Example Data Download:

Data used for the examples can be found in the data folder of this package (https://github.com/dpeerlab/spectra/tree/main/data): This is a subsetted version of the Bassez et al. Nature Medicine (https://doi.org/10.1038/s41591-021-01323-8) preprocessed by scran and emptydrops with annotated cell types.

Usage

We start by importing spectra. The easiest way to run spectra is to use the est_spectra function in the spectra module, as shown below. The default behavior is to set the number of factors equal to the number of gene sets plus one. However, this can be modified by passing an integer e.g. L = 20 as an argument to the function or a dictionary that maps cell type to an integer per cell type. We provide a method for estimating the number of factors directly from the data by bulk eigenvalue matching analysis, which is detailed further below.

from spectra import spectra as spc

model = spc.est_spectra(adata = adata,  gene_set_dictionary = gene_set_dictionary, cell_type_key = "cell_type", use_highly_variable = True, lam = 0.01)

This function stores four important quantities in the AnnData, in addition to returning a fitted model object. Factors are the scores that tell you how much each gene contributes to each factor, while markers is an array of genes with top scores for every factor. Cell scores are similarly the score of each factor for every cell. Finally, vocab is a boolean array that is True for genes that were used while fitting the model - note that this quantity is only added to the AnnData when highly_variable is set to True

factors = adata.uns['SPECTRA_factors'] # factors x genes matrix that tells you how important each gene is to the resulting factors
markers = adata.uns['SPECTRA_markers'] # factors x K [where K is a user specified number] list of K top markers per factor
cell_scores = adata.obsm['SPECTRA_cell_scores'] # cells x factors matrix of cell scores
vocab = adata.var['spectra_vocab'] # boolean matrix of size # of genes that indicates the set of genes used to fit spectra 

Accessing model parameters

To access finer grained information about the model fit, we can look at the attributes of the model object directly. Model parameters can be accessed with functions associated with the model object

model.return_eta_diag()
model.return_cell_scores()
model.return_factors() 
model.return_eta()
model.return_rho()
model.return_kappa()
model.return_gene_scalings()

Apart from cell scores and factors, we can also retrive a number of other parameters this way that are not by default added to the AnnData. Eta diag is the diagonal of the fitted factor-factor interaction matrix; however, its interpretation is that it measures the extent to which each factor is influenced by the prior information. In practice many of these values are zero, indicating that they are estimated without bias introduced by the annotation set. Eta is the full set of factor-factor interaction matrices, whose off diagonals measure the extent to which factors share the same genes. Rho and kappa are parameters that control the background rate of non-edges and edges respectively.
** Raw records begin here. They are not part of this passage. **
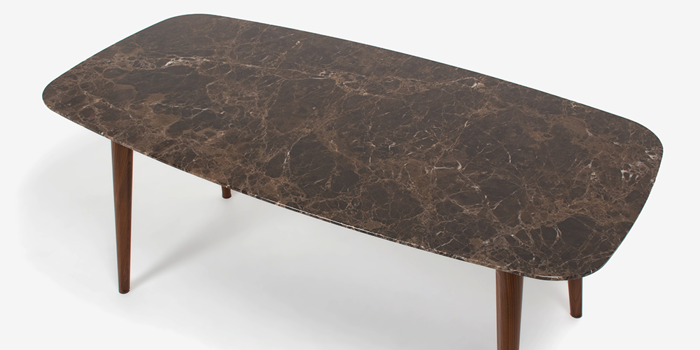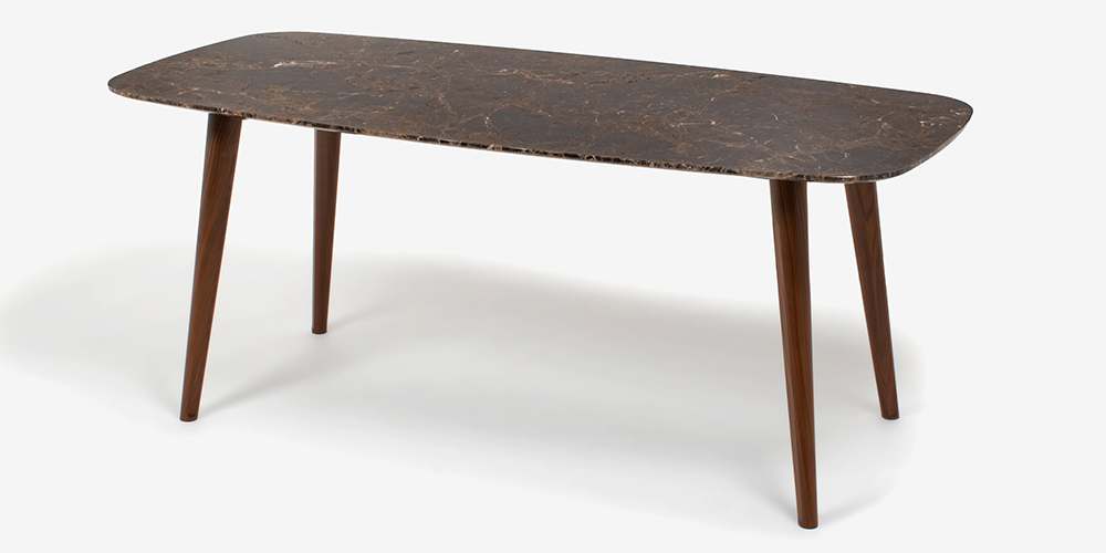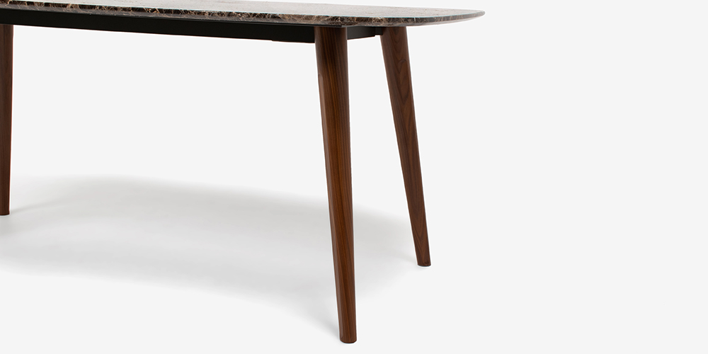 大理石天板(エンペラドール)Xウォールナット色木脚の異素材を組み合わせたデザイン。ウォールナットのチェアとも合わせやすいく、幅ひろいダイニングコーディネートをお楽しみいただけます。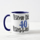 Regalo de cumpleaños 40. Cuarenta años. ¿Cómo pasó 40? es el mensaje gráfico en negrita en esta taza azul y blanca.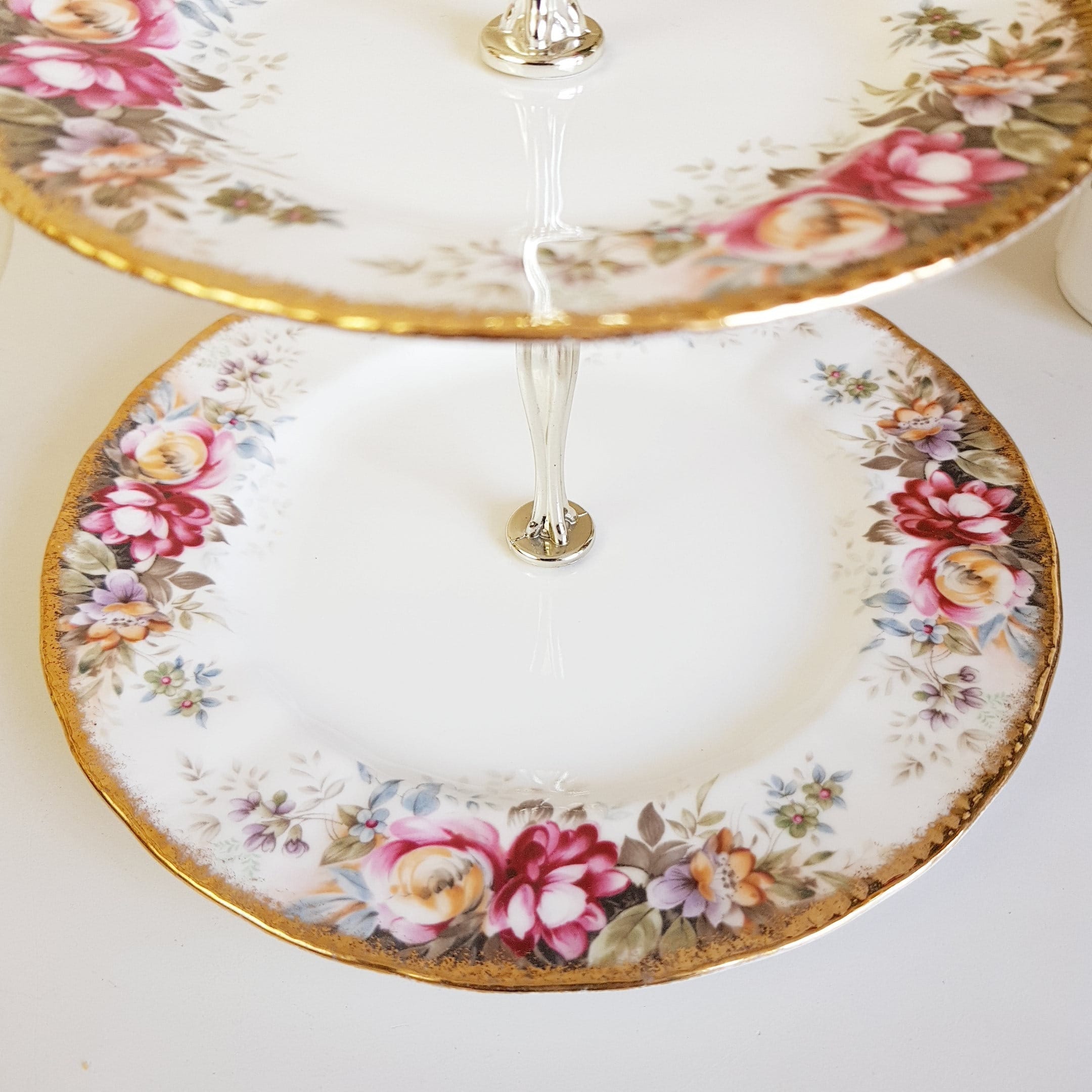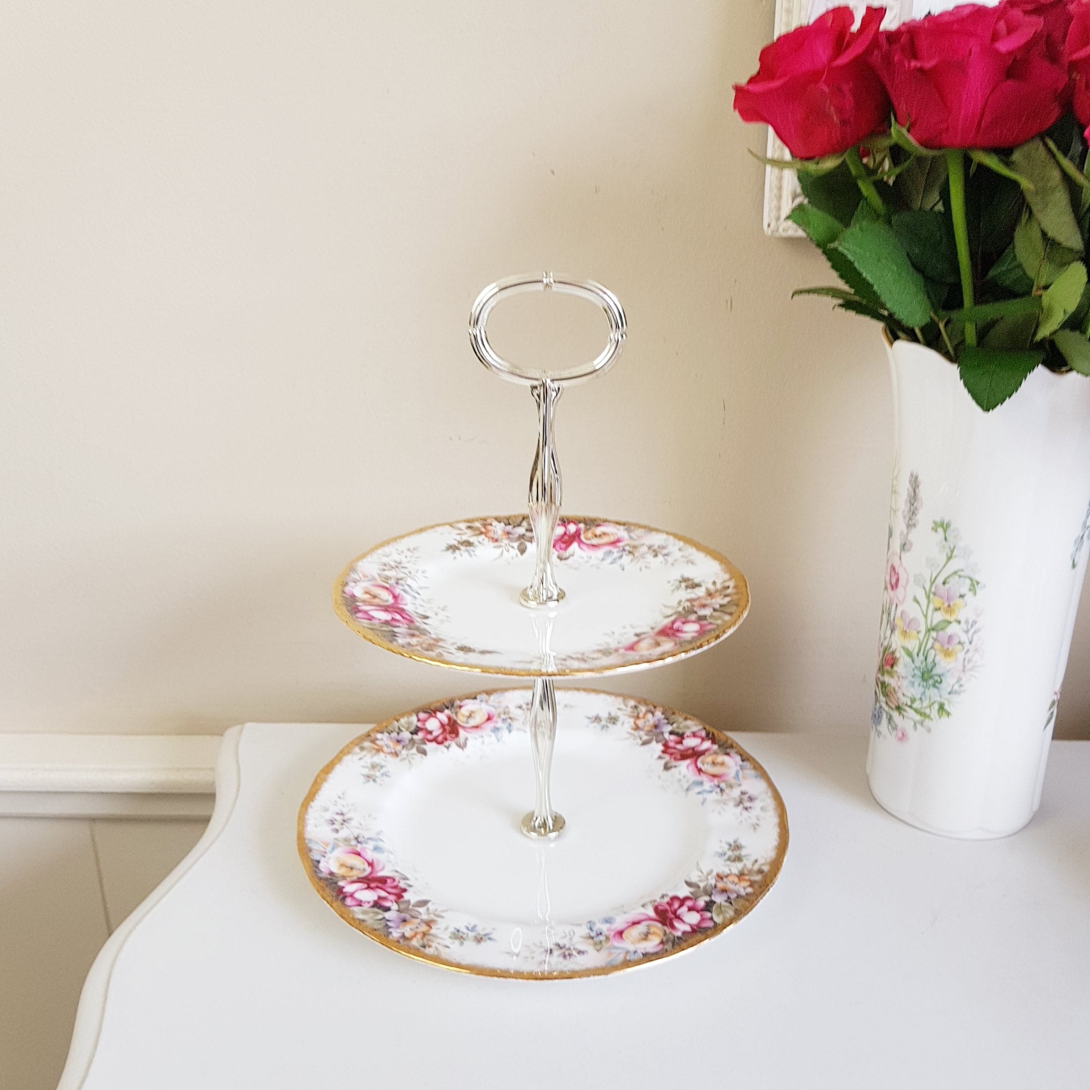 Vintage Queen Anne, Summer Rose Pattern, Fine Bone China, Double Tier with Metal Handle. Cookies, muffins ….cake stand. Made in England.

These can be fixed throughout training (default) or estimated from the data by providing rho = None or kappa = None to the est_spectra() function or to model.train(). Finally gene scalings are correction factors that normalize each gene based on its mean expression value.
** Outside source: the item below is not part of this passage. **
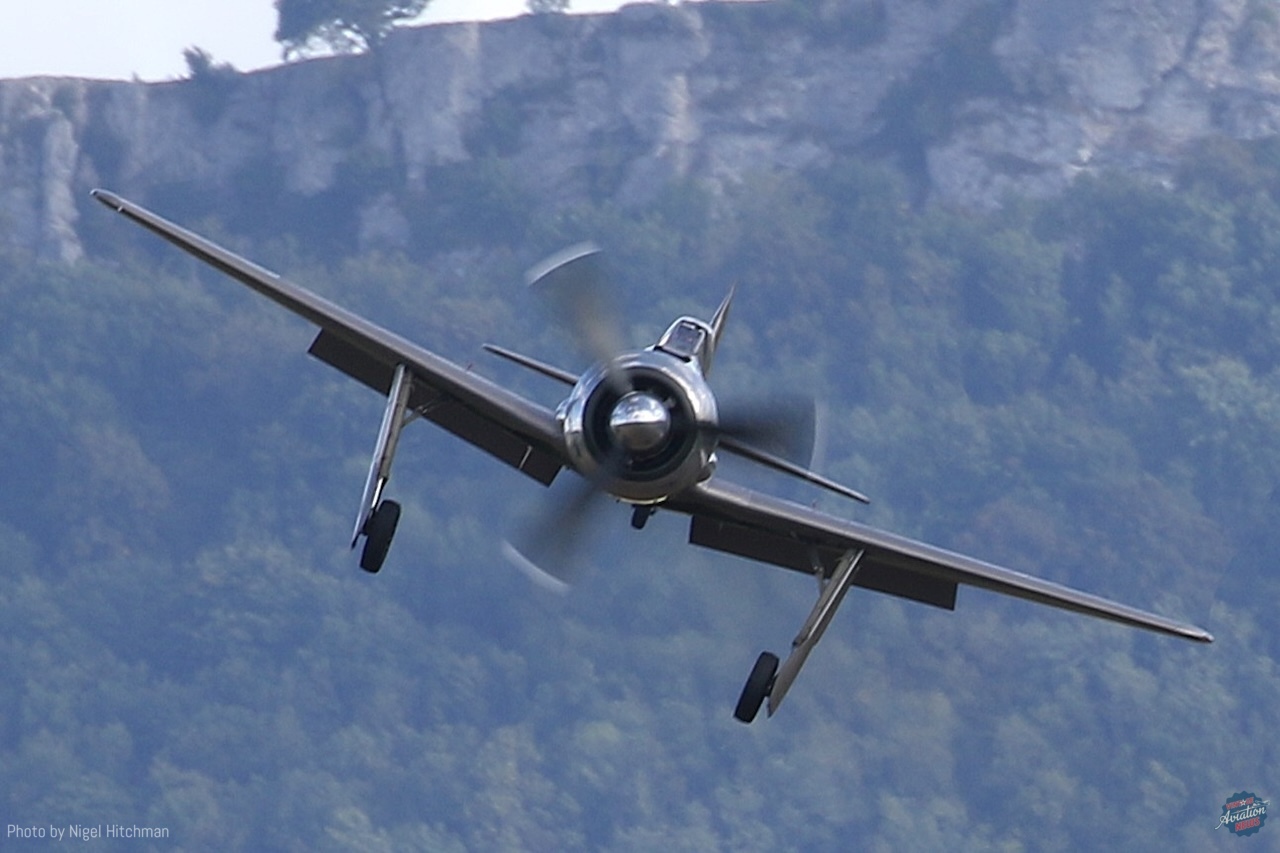 Georg Raab’s Flying Legend brought their Vought F4U-5NL Corsair D-FCOR, P-51D Mustang “Francis Dell” OO-NZW and Spitfire IX MH415 OO-IXB. They arrived together in a nice formation but displayed separately.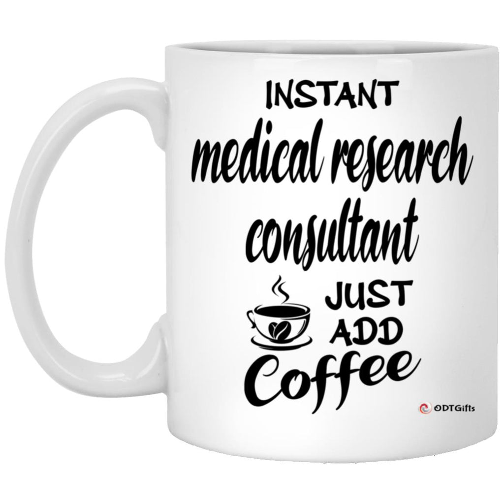 Funny Medical Research Consultant Mug Instant Medical Research Consultant Just Add Coffee Cup 11oz White High quality white gloss 11oz ceramic mug Dishwasher safe & Microwave safe Top-to-bottom full wrap dye sublimation AAA ORCA Coating™ for...

Interpreting marker lists with respect to the input annotations

To interpret factor weight based marker lists with respect to the input annotations, we take the overlap coefficient with the input sets. The spectra model object has a function to do this matching(markers, annotations,threshold)
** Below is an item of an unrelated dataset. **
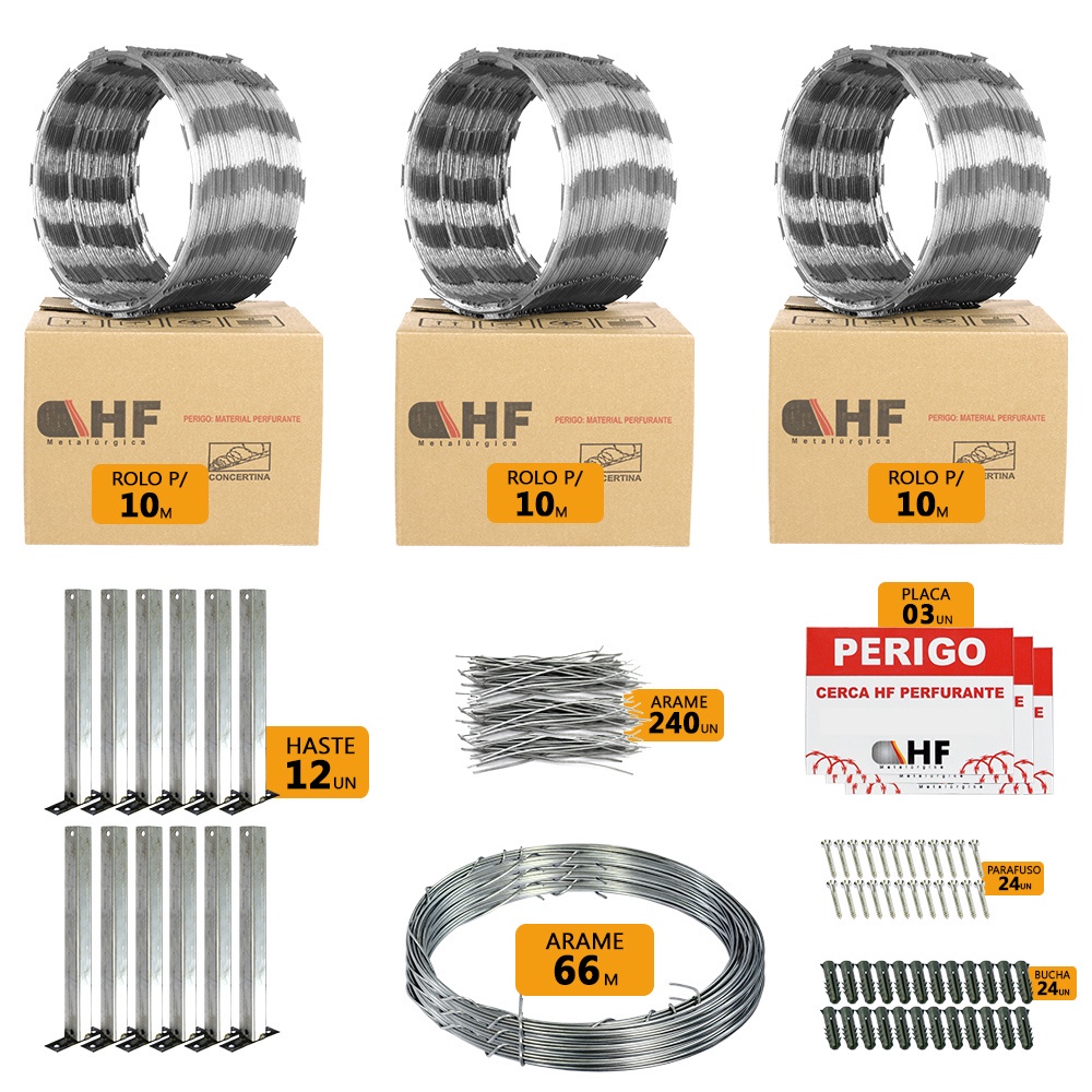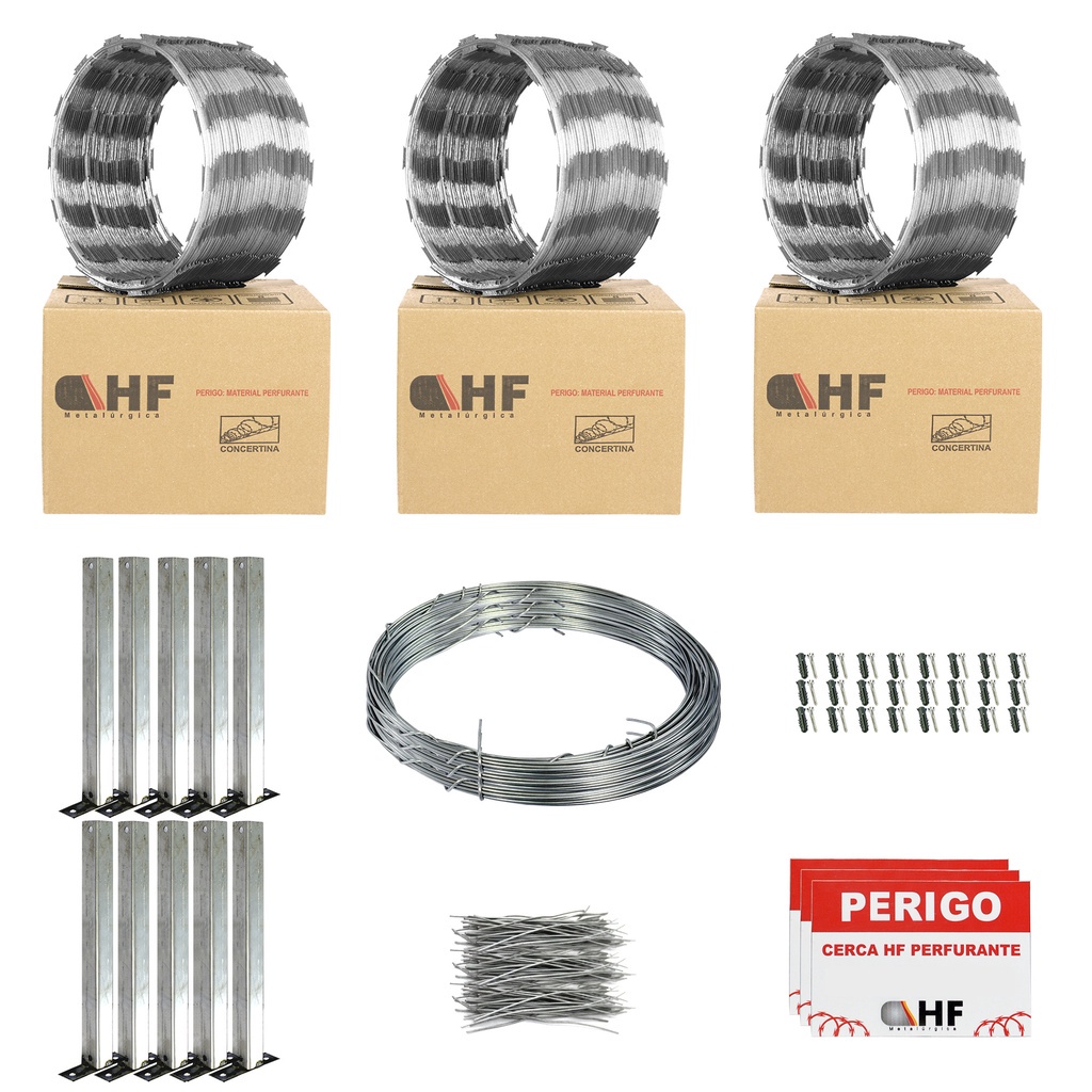 Cerca concertina simples galvanizada 30cm 30 metros com kit - Cod 4

model.matching(adata.uns["SPECTRA_markers"], annotations, threshold = 0.4)

Accessing the fitted gene-gene graph

One outcome of fitting spectra is to fit a gene-gene graph where edges represent similarities between latent variables associated with each gene (a smoothed version of transcriptional similarity) To access this for say, TNK cells; use the following

soft_graph = model.return_graph(ct = "TNK")

for large numbers of genes its clumsy to visualize the whole graph - to visualize a subgraph formed around a particular list of genes, use:

out = spc.graph_network(adata, soft_graph, gene_set)
out.show("test_graph.html")

this will take N closest genes to your gene set and only visualize this subgraph. The interactive graph file gets saved as an html. To visualize multiple gene sets at the same time, we have a different version of the function that assigns a random color to each gene set:

#gene sets is a list of lists
out = spc.graph_network_multiple(adata,soft_graph, gene_sets)
out.show("test_graph.html")

alt text

Save and load the model

#save trained model
model.save("test_model")

#initialize a model and load trained model, adata must be have the attributes stored by est_spectra
model = spc.load_from_pickle("test_model", adata, gene_set_dictionary, cell_type_key)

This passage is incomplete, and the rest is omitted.